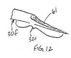 図12では、遠位端32fが圧縮された部分61になっていて、これが針状部を形成している。圧縮された部分61は、部分61の可撓性を高めるために、複数のスリットを十字パターン状に含んでいる。同様に、図13を参照すると、ハイポチューブ30gの遠位端部分32gは、圧縮された部分62になっていて、かかる部分62は水平な切れ目を備えている。The
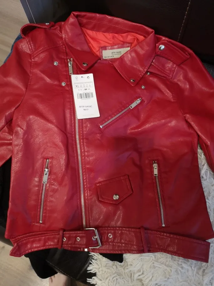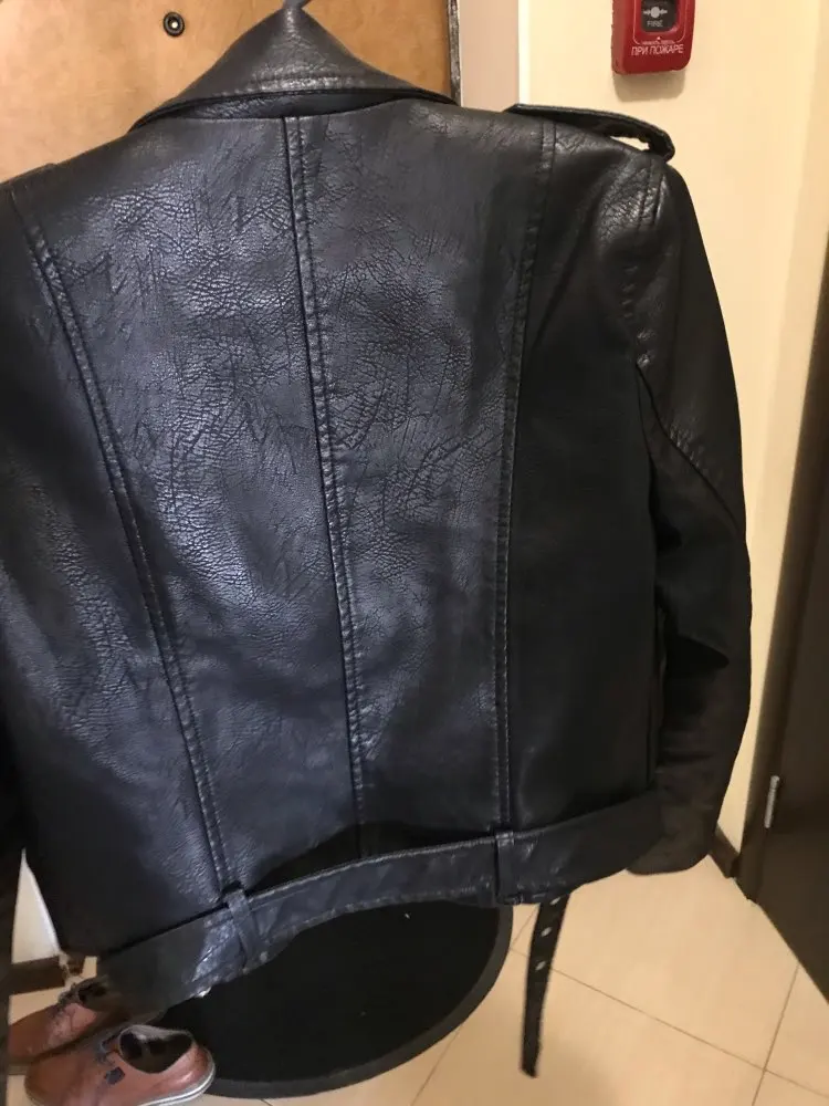 Кожаная куртка выглядит дорого. Очень мягкий и гладкий, удобно носить. Это выглядит как натуральная кожа, и качество/дизайн материала очень удовлетворительный. Больше всего, куртка выглядит действительно крутой! Плечо немного меньше, мне нужно было купить на 1 размер больше. Остальное отлично.
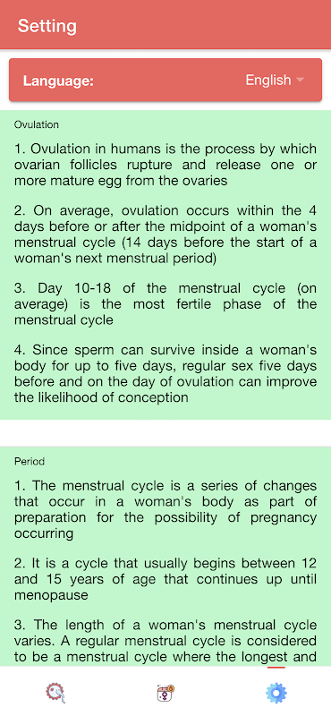 “排卵和月经追踪器:生育日历”还具有月经追踪器功能。此功能使您可以确定下一个时期。时期是发生出血和分泌物的日子。在此功能中,“排卵和经期跟踪器:生育日历”还将确定最可能的排卵日,即女性最有可能排卵的日子。
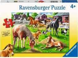 Ravensburger puzzle Šťastní kone je dokonalá zábava pre deti od 4 rokov. Obsahuje 60 dielikov, ktoré sľubujú hodiny zábavy plné kreativity a vzdelávacieho rozvoja.
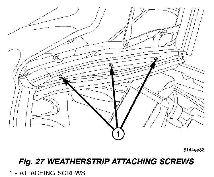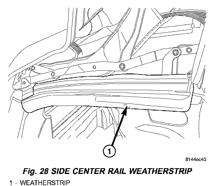 5. Install weatherstrip retainer (Fig. 27), and weatherstrip for side glass on the center side rail (Fig. 28).
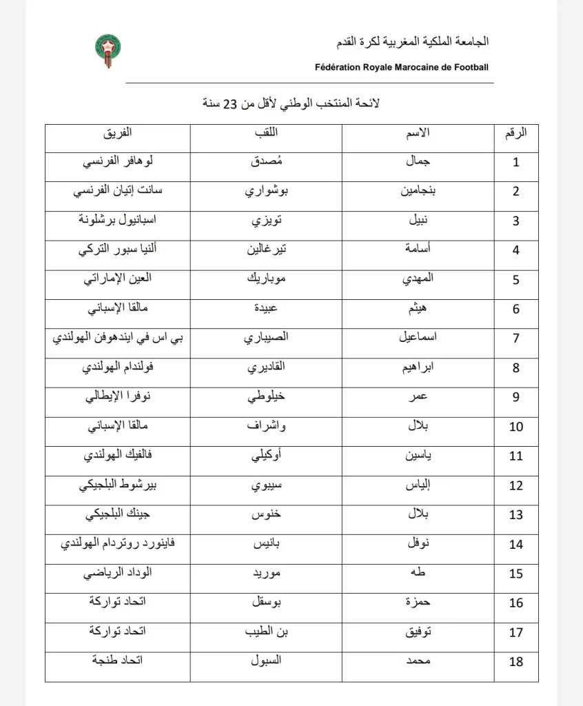 منتخب أقل من 23 سنة يجتمع بالمعمورة و استدعاء لاعبين جدد من أوروبا
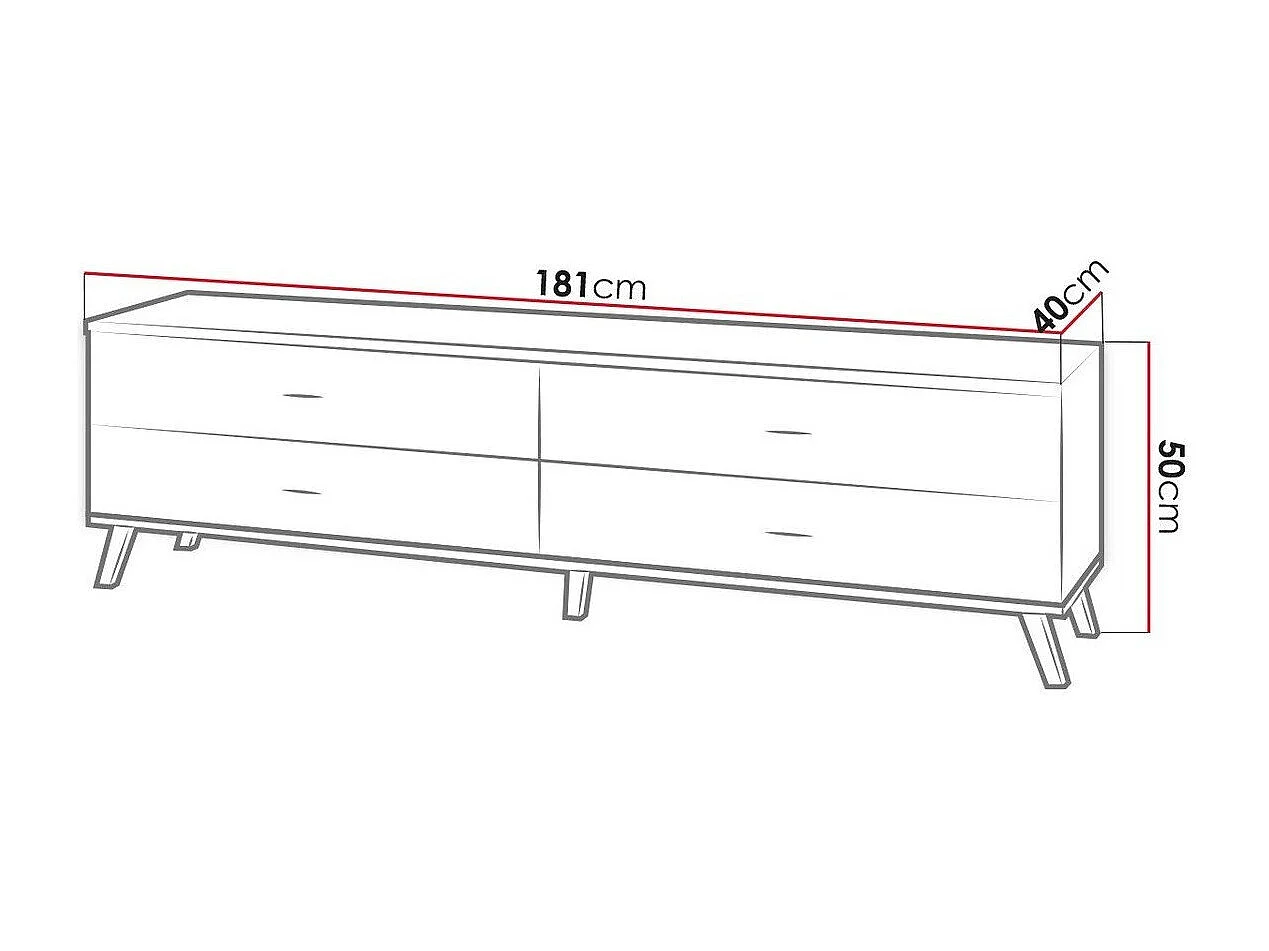 Meuble TV Talsere 105, Chêne de Lefkas|Noir, Nombre de tiroirs: 4, 181x50x40cm

# PROMPT
Nothing but the lines from the one holding "Ravensburger puzzle Šťastní" through the last line of the entries should be written out, exactly and inclusively, minus the pictures.

# COMPLETED EXERCISE
 Ravensburger puzzle Šťastní kone je dokonalá zábava pre deti od 4 rokov. Obsahuje 60 dielikov, ktoré sľubujú hodiny zábavy plné kreativity a vzdelávacieho rozvoja.
 5. Install weatherstrip retainer (Fig. 27), and weatherstrip for side glass on the center side rail (Fig. 28).
 منتخب أقل من 23 سنة يجتمع بالمعمورة و استدعاء لاعبين جدد من أوروبا
 Meuble TV Talsere 105, Chêne de Lefkas|Noir, Nombre de tiroirs: 4, 181x50x40cm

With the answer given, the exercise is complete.